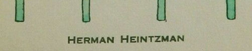 His initials are done in a gold circle in gold and blue.a
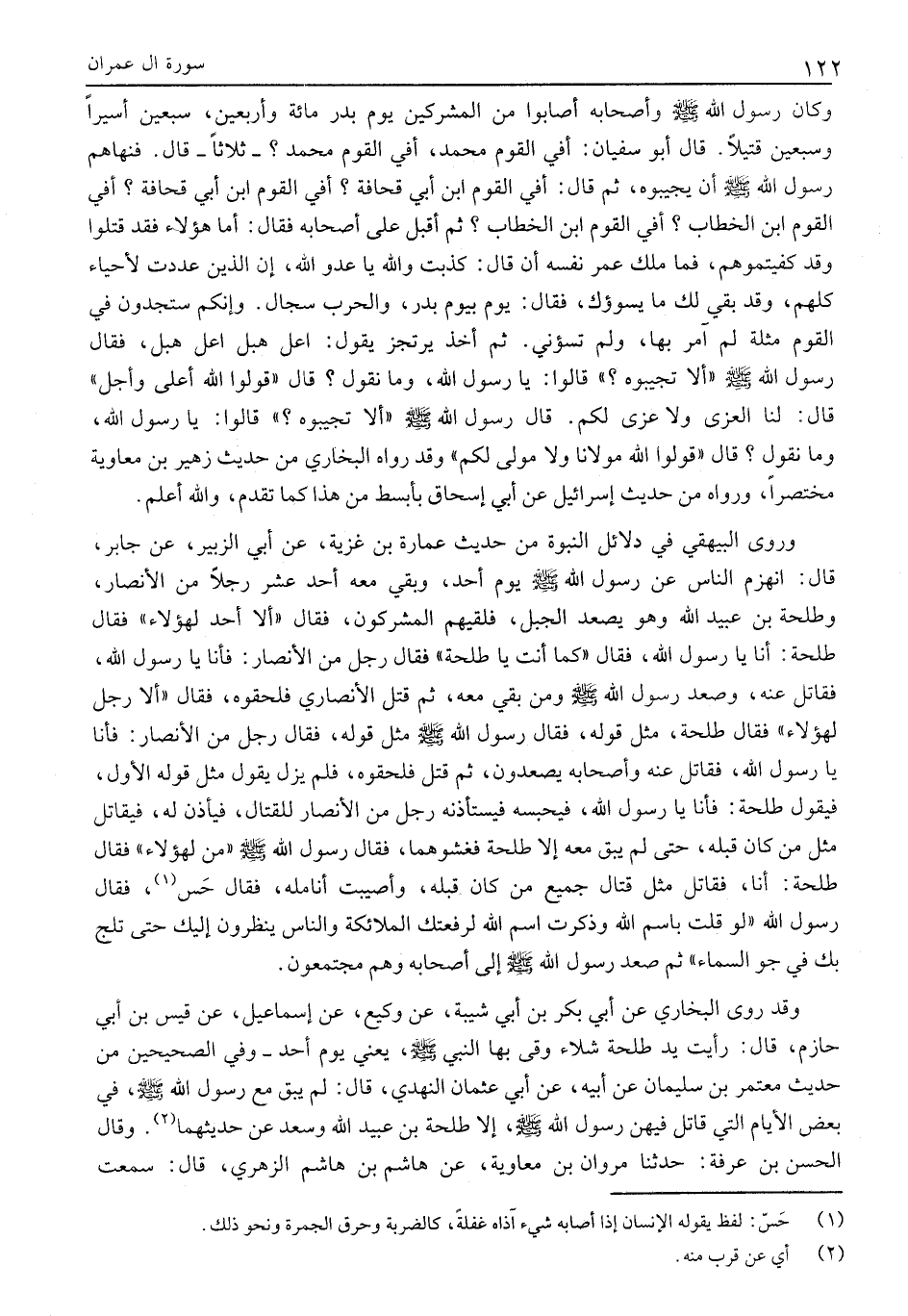 وَرَوَى الْبَيْهَقِيُّ فِي دَلَائِلِ النُّبُوَّةِ مِنْ حَدِيثِ عُمَارَةَ بْنِ غَزِيَّةَ، عَنْ أَبِي الزُّبَيْرِ، عَنْ جَابِرٍ، قَالَ: انْهَزَمَ النَّاسُ عَنْ رَسُولِ اللَّهِ صَلَّى اللَّهُ عَلَيْهِ وَسَلَّمَ يَوْمَ أُحُدٍ، وَبَقِيَ مَعَهُ أَحَدَ عَشَرَ رَجُلًا مِنَ الْأَنْصَارِ، وَطَلْحَةُ بْنُ عُبَيْدِ اللَّهِ وَهُوَ يَصْعَدُ الْجَبَلَ، فَلَقِيَهُمُ الْمُشْرِكُونَ، فَقَالَ «أَلَا أَحَدٌ لِهَؤُلَاءِ» فَقَالَ طَلْحَةُ: أَنَا يَا رَسُولَ اللَّهِ، فَقَالَ «كَمَا أَنْتَ يَا طَلْحَةُ» فَقَالَ رَجُلٌ مِنَ الْأَنْصَارِ: فَأَنَا يَا رَسُولَ اللَّهِ، فَقَاتَلَ عَنْهُ، وَصَعِدَ رَسُولُ اللَّهِ صَلَّى اللَّهُ عَلَيْهِ وَسَلَّمَ وَمَنْ بَقِيَ مَعَهُ، ثُمَّ قُتِلَ الْأَنْصَارِيُّ فَلَحِقُوهُ، فَقَالَ «أَلَا رَجُلٌ لِهَؤُلَاءِ» فَقَالَ طَلْحَةُ، مِثْلَ قَوْلِهِ، فَقَالَ رَسُولُ اللَّهِ صَلَّى اللَّهُ عَلَيْهِ وَسَلَّمَ مِثْلَ قَوْلِهِ، فَقَالَ رَجُلٌ مِنَ الْأَنْصَارِ: فَأَنَا يَا رَسُولَ اللَّهِ، فَقَاتَلَ عَنْهُ وأصحابه يصعدون، ثُمَّ قُتِلَ فَلَحِقُوهُ، فَلَمْ يَزَلْ يَقُولُ مِثْلَ قَوْلِهِ الْأَوَّلِ، فَيَقُولُ طَلْحَةُ: فَأَنَا يَا رَسُولَ اللَّهِ، فَيَحْبِسُهُ فَيَسْتَأْذِنُهُ رَجُلٌ مِنَ الْأَنْصَارِ لِلْقِتَالِ، فَيَأْذَنُ لَهُ، فَيُقَاتِلُ مِثْلَ مَنْ كَانَ قَبْلَهُ، حَتَّى لَمْ يَبْقَ مَعَهُ إِلَّا طَلْحَةُ فَغَشَوْهُمَا، فَقَالَ رَسُولُ اللَّهِ صَلَّى اللَّهُ عَلَيْهِ وَسَلَّمَ «مَنْ لِهَؤُلَاءِ» فَقَالَ طَلْحَةُ: أَنَا، فَقَاتَلَ مِثْلَ قِتَالِ جَمِيعِ مَنْ كَانَ قَبْلَهُ، وَأُصِيبَتْ أَنَامِلُهُ، فَقَالَ حَسِّ «1» ، فَقَالَ رَسُولُ اللَّهِ «لَوْ قُلْتَ بِاسْمِ اللَّهِ وَذَكَرْتَ اسْمَ اللَّهِ لَرَفَعَتْكَ الْمَلَائِكَةُ وَالنَّاسُ يَنْظُرُونَ إِلَيْكَ حَتَّى تَلِجَ بِكَ فِي جَوِّ السَّمَاءِ» ثُمَّ صَعِدَ رَسُولُ اللَّهِ صَلَّى اللَّهُ عَلَيْهِ وَسَلَّمَ إِلَى أَصْحَابِهِ وَهُمْ مُجْتَمِعُونَ.
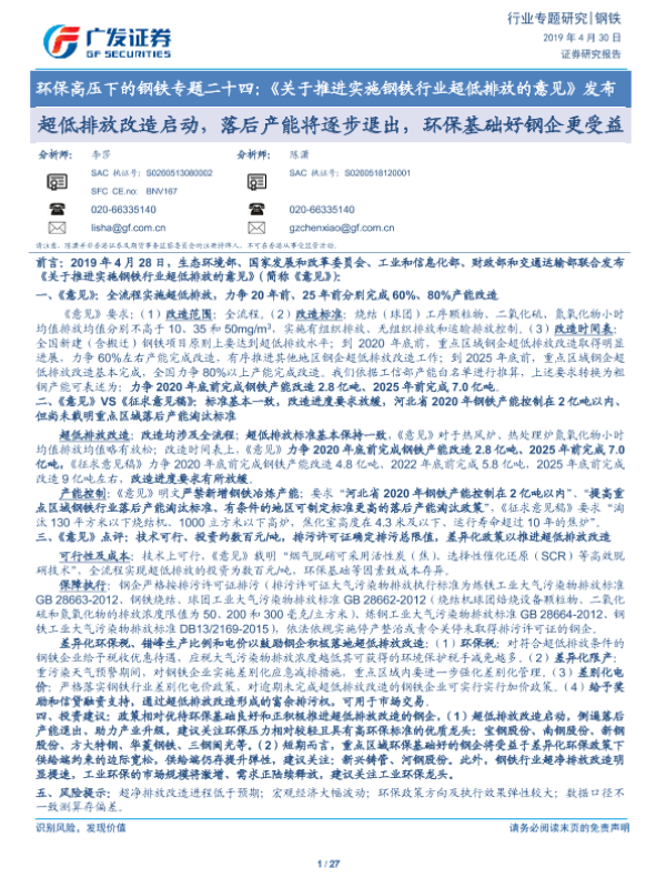 【广发证券】【20190430】环保高压下的钢铁专题二十四:《关于推进实施钢铁行业超低排放的意见》发布-超低排放改造启动,落后产能将逐步退出,环保基础好钢企更受益-27页 行业研究

+ + + + + + +

▶ _WHAT TO WORK ON_:
A verbatim copy of the listing, with all pictures removed, is required.

▶ _EXPECTED ANSWER_:
 His initials are done in a gold circle in gold and blue.a
 وَرَوَى الْبَيْهَقِيُّ فِي دَلَائِلِ النُّبُوَّةِ مِنْ حَدِيثِ عُمَارَةَ بْنِ غَزِيَّةَ، عَنْ أَبِي الزُّبَيْرِ، عَنْ جَابِرٍ، قَالَ: انْهَزَمَ النَّاسُ عَنْ رَسُولِ اللَّهِ صَلَّى اللَّهُ عَلَيْهِ وَسَلَّمَ يَوْمَ أُحُدٍ، وَبَقِيَ مَعَهُ أَحَدَ عَشَرَ رَجُلًا مِنَ الْأَنْصَارِ، وَطَلْحَةُ بْنُ عُبَيْدِ اللَّهِ وَهُوَ يَصْعَدُ الْجَبَلَ، فَلَقِيَهُمُ الْمُشْرِكُونَ، فَقَالَ «أَلَا أَحَدٌ لِهَؤُلَاءِ» فَقَالَ طَلْحَةُ: أَنَا يَا رَسُولَ اللَّهِ، فَقَالَ «كَمَا أَنْتَ يَا طَلْحَةُ» فَقَالَ رَجُلٌ مِنَ الْأَنْصَارِ: فَأَنَا يَا رَسُولَ اللَّهِ، فَقَاتَلَ عَنْهُ، وَصَعِدَ رَسُولُ اللَّهِ صَلَّى اللَّهُ عَلَيْهِ وَسَلَّمَ وَمَنْ بَقِيَ مَعَهُ، ثُمَّ قُتِلَ الْأَنْصَارِيُّ فَلَحِقُوهُ، فَقَالَ «أَلَا رَجُلٌ لِهَؤُلَاءِ» فَقَالَ طَلْحَةُ، مِثْلَ قَوْلِهِ، فَقَالَ رَسُولُ اللَّهِ صَلَّى اللَّهُ عَلَيْهِ وَسَلَّمَ مِثْلَ قَوْلِهِ، فَقَالَ رَجُلٌ مِنَ الْأَنْصَارِ: فَأَنَا يَا رَسُولَ اللَّهِ، فَقَاتَلَ عَنْهُ وأصحابه يصعدون، ثُمَّ قُتِلَ فَلَحِقُوهُ، فَلَمْ يَزَلْ يَقُولُ مِثْلَ قَوْلِهِ الْأَوَّلِ، فَيَقُولُ طَلْحَةُ: فَأَنَا يَا رَسُولَ اللَّهِ، فَيَحْبِسُهُ فَيَسْتَأْذِنُهُ رَجُلٌ مِنَ الْأَنْصَارِ لِلْقِتَالِ، فَيَأْذَنُ لَهُ، فَيُقَاتِلُ مِثْلَ مَنْ كَانَ قَبْلَهُ، حَتَّى لَمْ يَبْقَ مَعَهُ إِلَّا طَلْحَةُ فَغَشَوْهُمَا، فَقَالَ رَسُولُ اللَّهِ صَلَّى اللَّهُ عَلَيْهِ وَسَلَّمَ «مَنْ لِهَؤُلَاءِ» فَقَالَ طَلْحَةُ: أَنَا، فَقَاتَلَ مِثْلَ قِتَالِ جَمِيعِ مَنْ كَانَ قَبْلَهُ، وَأُصِيبَتْ أَنَامِلُهُ، فَقَالَ حَسِّ «1» ، فَقَالَ رَسُولُ اللَّهِ «لَوْ قُلْتَ بِاسْمِ اللَّهِ وَذَكَرْتَ اسْمَ اللَّهِ لَرَفَعَتْكَ الْمَلَائِكَةُ وَالنَّاسُ يَنْظُرُونَ إِلَيْكَ حَتَّى تَلِجَ بِكَ فِي جَوِّ السَّمَاءِ» ثُمَّ صَعِدَ رَسُولُ اللَّهِ صَلَّى اللَّهُ عَلَيْهِ وَسَلَّمَ إِلَى أَصْحَابِهِ وَهُمْ مُجْتَمِعُونَ.
 【广发证券】【20190430】环保高压下的钢铁专题二十四:《关于推进实施钢铁行业超低排放的意见》发布-超低排放改造启动,落后产能将逐步退出,环保基础好钢企更受益-27页 行业研究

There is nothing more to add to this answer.